- _What you are asked to do_
The answer should hold only the lines from the beginning of the material through the one with "就労継続支援B型リプラスでは", reproduced exactly and without pictures.

- _Given data_
::::::
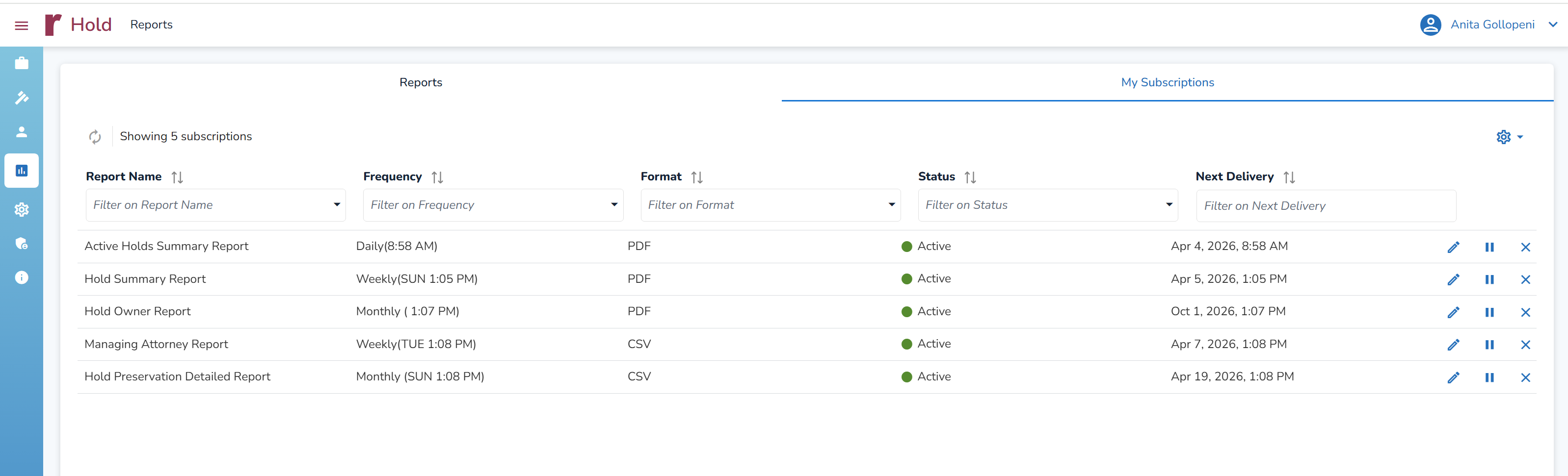 Users can view their Report Subscriptions in the My Subscription tab. They can see, search, and filter through the Report Name, Frequency, Format, Status, and Next Delivery.
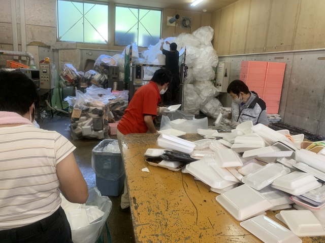 就労継続支援B型リプラスでは、ペットボトルキャップ回収や使用済み発泡スチロール製容器等のリサイクル事業を通じて福祉事業とカーボンニュートラルやCO2削減などの環境保全事業の融合を図り社会的な貢献を担うという大きな目標に取り組んでいます。障害のある仲間たちが発泡を分別し、シールや異物等を除去し、純度の高いプラスチック成型原料である樹脂ペレット(汎用ポリスチレン)を生産する「同愛会リプラス方式」を確立し生産活動を行っています。「同愛会リプラス方式」は、知的障害のある仲間たちが生産活動を通して企業とつながり、社会参加する活動です。またリサイクル事業を通じて、おうちCO-OPリサイクルセンターや各種企業と結びつき障害者の方々の施設外就労を支援しています。
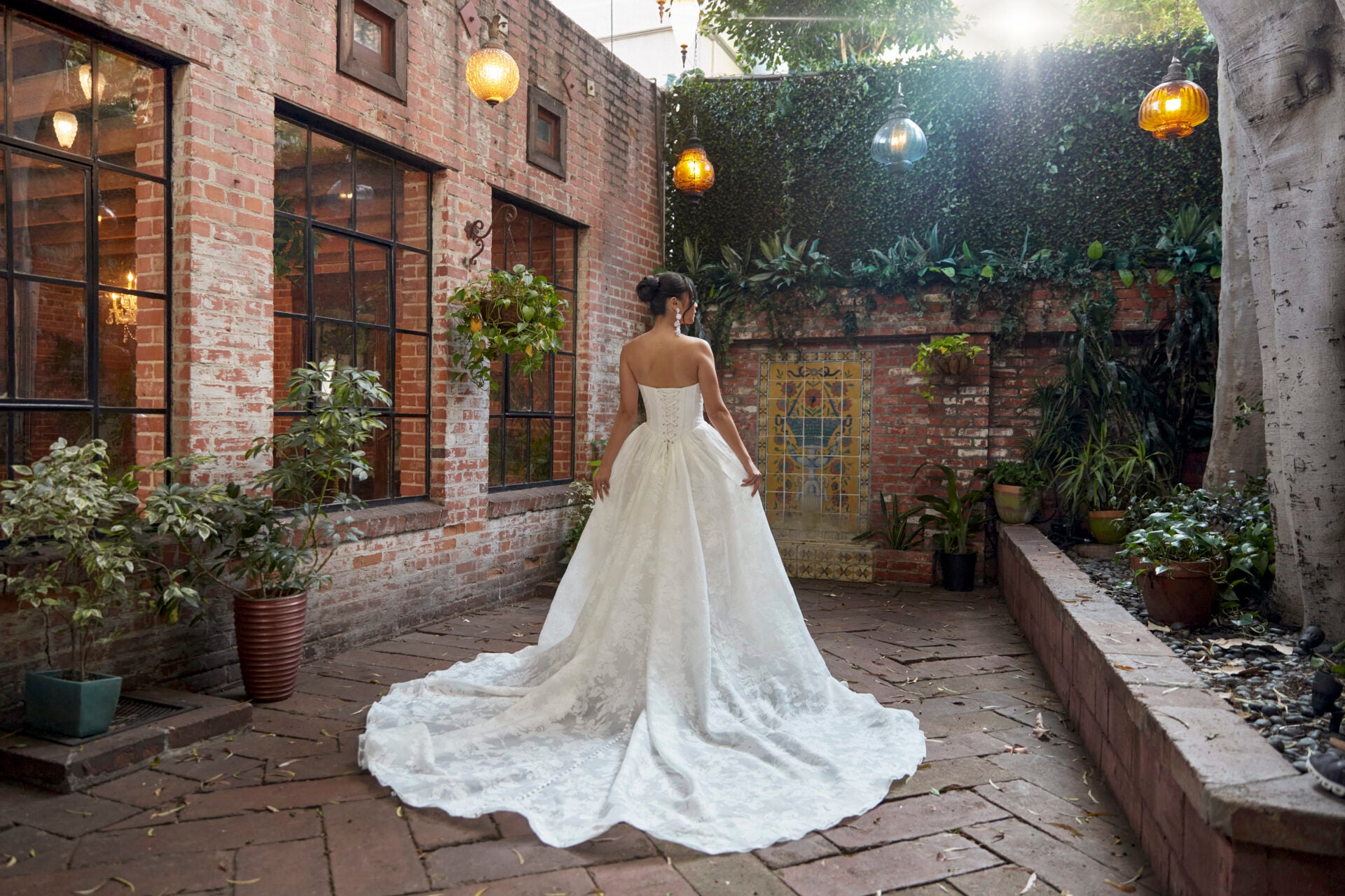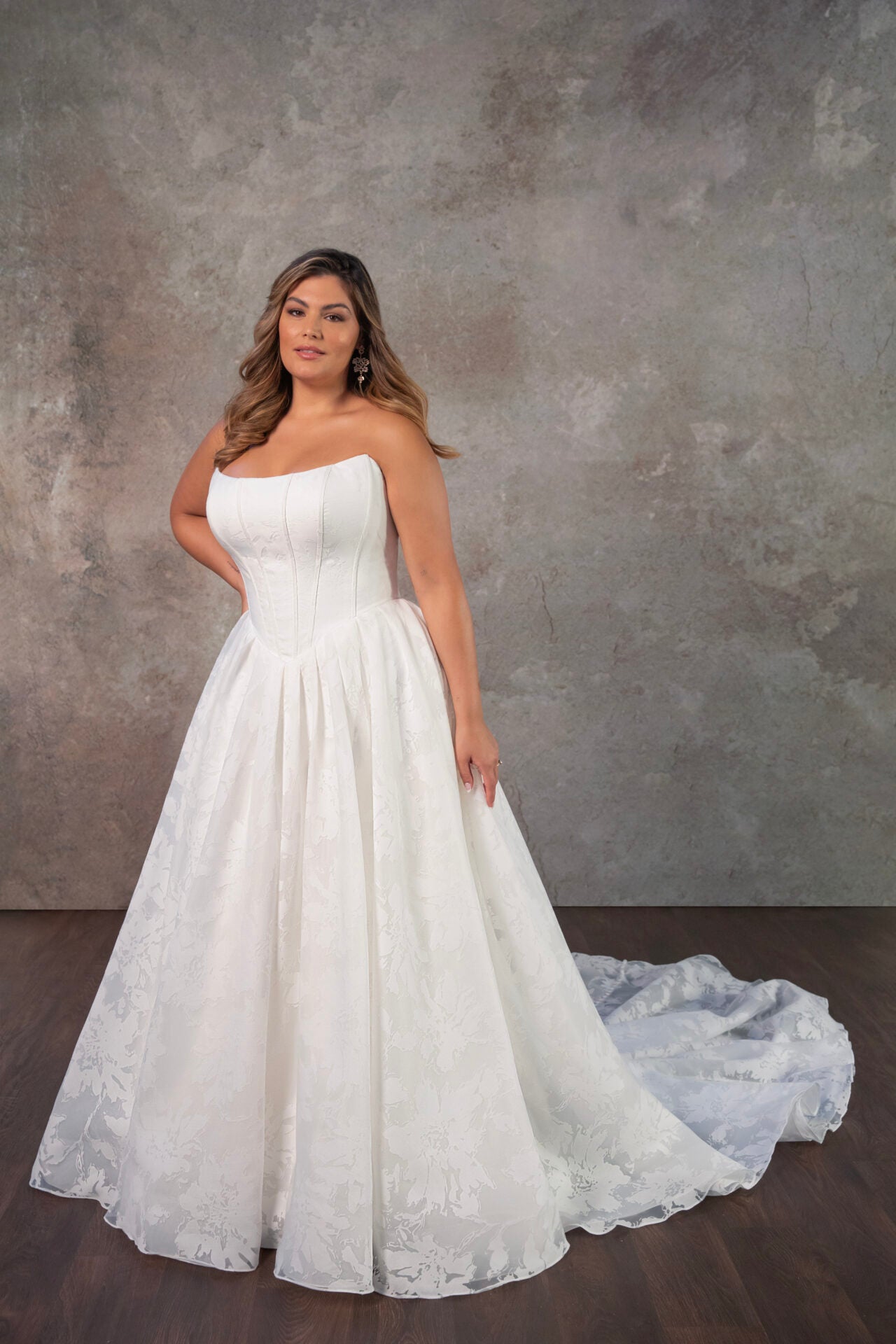 A modern princess wedding gown comes to life in Style D4158. Featuring a strapless scoop neckline bodice with vertical contouring seams, the fully-lined bodice accentuates the figure while complementing the romantic Basque waist. The back showcases a timeless lace-up detail, adding a touch of old-world charm. From the waist, a full and romantic ballgown skirt billows in a one-of-a-kind textured organza, complete with pockets and long regal train. This enchanting gown beautifully balances modern design with classic bridal elegance for an ultra-romantic ballgown wedding dress made for a fairytale wedding. This wedding gown is also available in plus sizes.
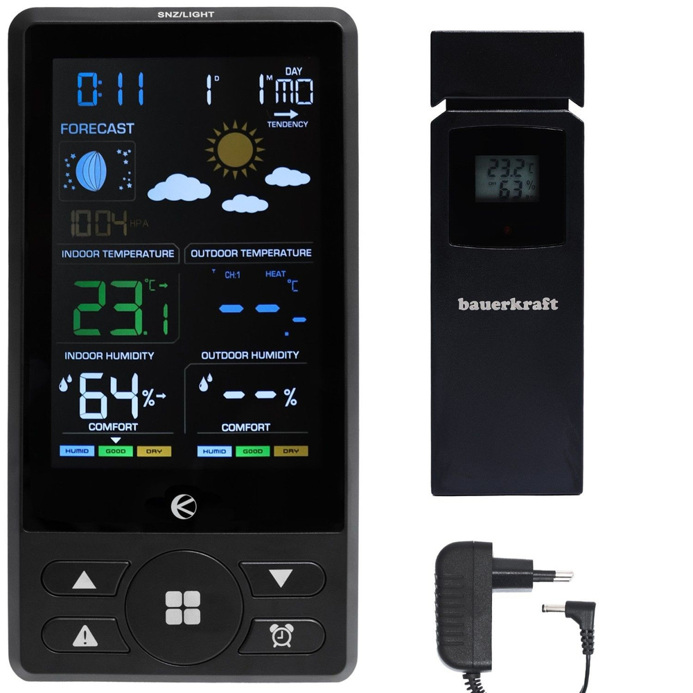 Bezprzewodowa stacja pogodowa to wielofunkcyjne urządzenie przydatne w każdym domu. Stacja wykonuje pomiar takich wartości jak: temperatura czy wilgotność, a dodatkowo posiada funkcję zegar, budzik z funkcją drzemki, fazy księżyca, prognoza pogody na najbliższe 12-24h oraz kalendarz. Urządzenie posiada w zestawie czujnik zewnętrzny z zasięgiem 30 metrów, dzięki któremu możliwy jest pomiar zarówno w pomieszczeniu, jak i na zewnątrz budynku. Podane wartości są aktualizowane na bieżąco.
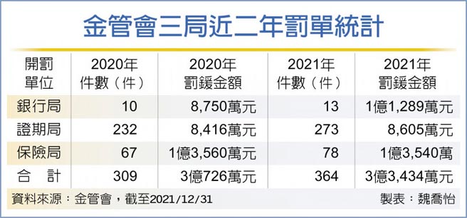 再細看2021年金管會所開出的3億3,434萬元罰單中,以保險局出手最重,累計全年開罰1億3,540萬元,其次爲銀行局,累計開罰1億1,289萬元,第三爲證期局開罰8,605萬元;三局合計開出364件罰單。
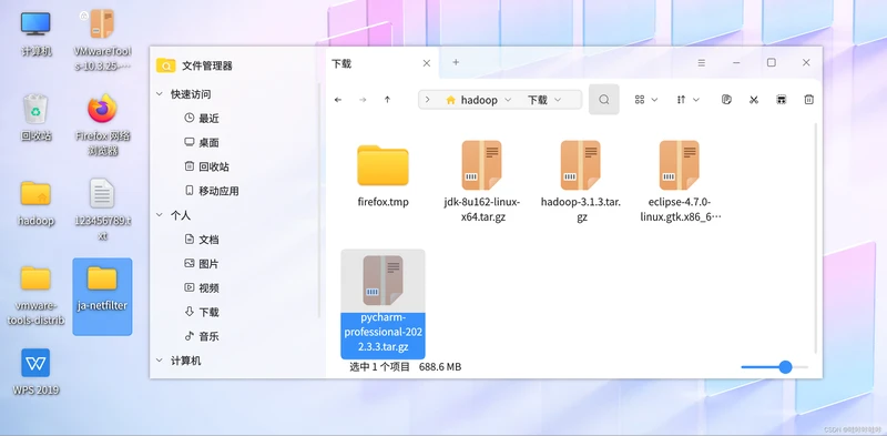 将下载好的文件拖入虚拟机中,将pycharm安装压缩包放入虚拟机中的 ~/下载 目录下,将补丁放到桌面:
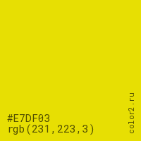 Цвет #E7DF03 в цветовой модели RGB обозначается тремя октетами (231, 223, 3) в десятичном формате и #E7DF03 в шестнадцатиричном (hex) формате, которые являются интенсивностью красного 231 (hex E7), интенсивность зелёного 223 (hex DF) и интенсивность синего 3 (hex 03).
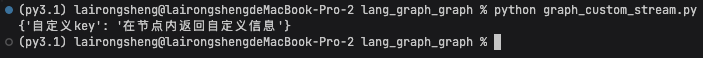 class State(TypedDict):query: stranswer: strdef node(state: State):writer = get_stream_writer()writer({"自定义key": "在节点内返回自定义信息"})return {"answer": "some data"}graph = (StateGraph(State).add_node("node", node).add_edge(START, "node").compile()
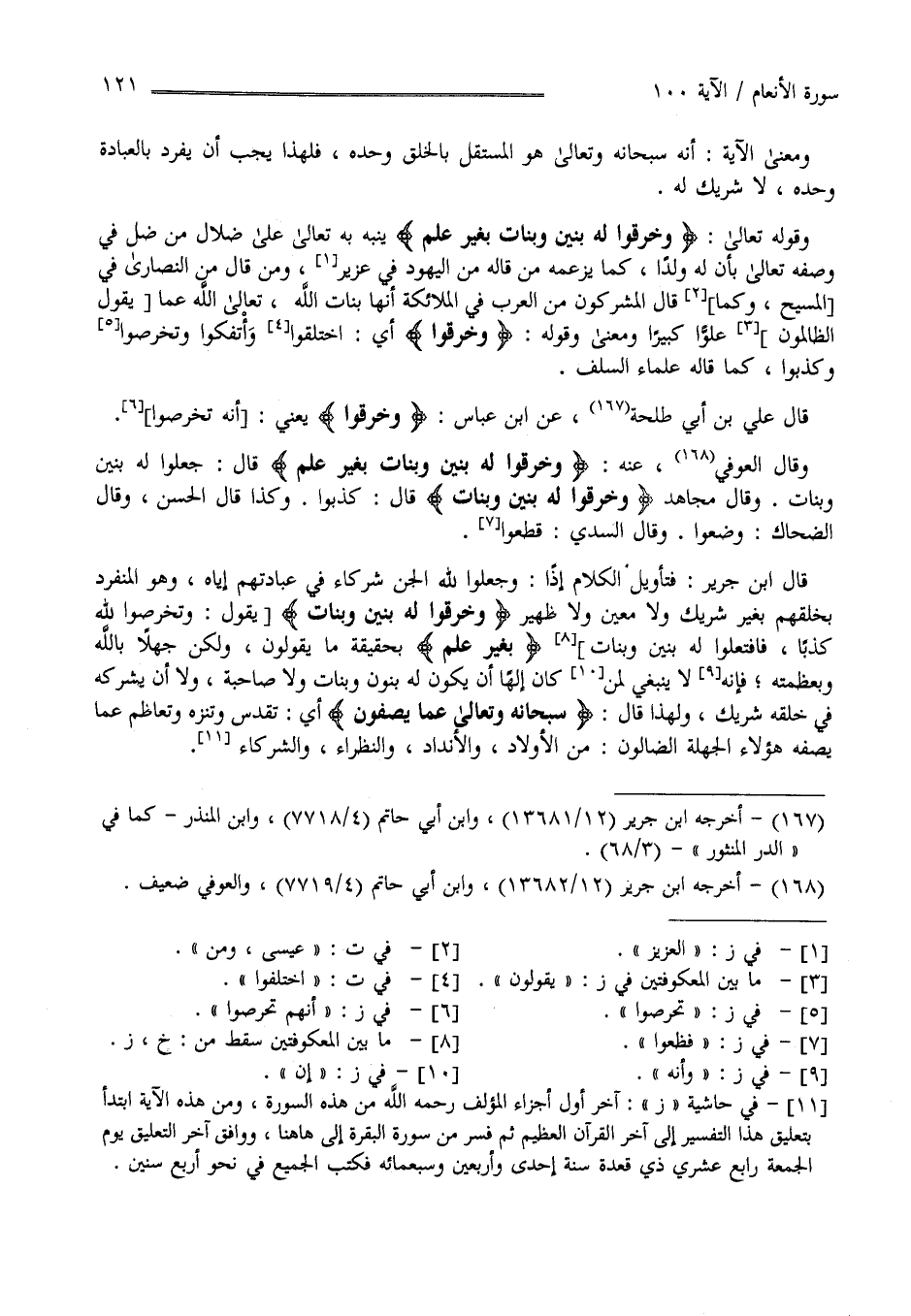 تَعَالَى اللَّه عَمَّا يَقُول الظَّالِمُونَ عُلُوًّا كَبِيرًا وَمَعْنَى خَرَقُوا أَيْ اِخْتَلَقُوا وَائْتَفَكُوا وَتَخَرَّصُوا وَكَذَبُوا كَمَا قَالَهُ عُلَمَاء السَّلَف قَالَ عَلِيّ بْن أَبِي طَلْحَة وَابْن عَبَّاس وَخَرَقُوا يَعْنِي تَخَرَّصُوا وَقَالَ الْعَوْفِيّ عَنْهُ " وَخَرَقُوا لَهُ بَنِينَ وَبَنَات بِغَيْرِ عِلْم " قَالَ جَعَلُوا لَهُ بَنِينَ وَبَنَات وَقَالَ مُجَاهِد " وَخَرَقُوا لَهُ بَنِينَ وَبَنَات " قَالَ كَذَبُوا .
::::::
- _Exercise solution_
 Users can view their Report Subscriptions in the My Subscription tab. They can see, search, and filter through the Report Name, Frequency, Format, Status, and Next Delivery.
 就労継続支援B型リプラスでは、ペットボトルキャップ回収や使用済み発泡スチロール製容器等のリサイクル事業を通じて福祉事業とカーボンニュートラルやCO2削減などの環境保全事業の融合を図り社会的な貢献を担うという大きな目標に取り組んでいます。障害のある仲間たちが発泡を分別し、シールや異物等を除去し、純度の高いプラスチック成型原料である樹脂ペレット(汎用ポリスチレン)を生産する「同愛会リプラス方式」を確立し生産活動を行っています。「同愛会リプラス方式」は、知的障害のある仲間たちが生産活動を通して企業とつながり、社会参加する活動です。またリサイクル事業を通じて、おうちCO-OPリサイクルセンターや各種企業と結びつき障害者の方々の施設外就労を支援しています。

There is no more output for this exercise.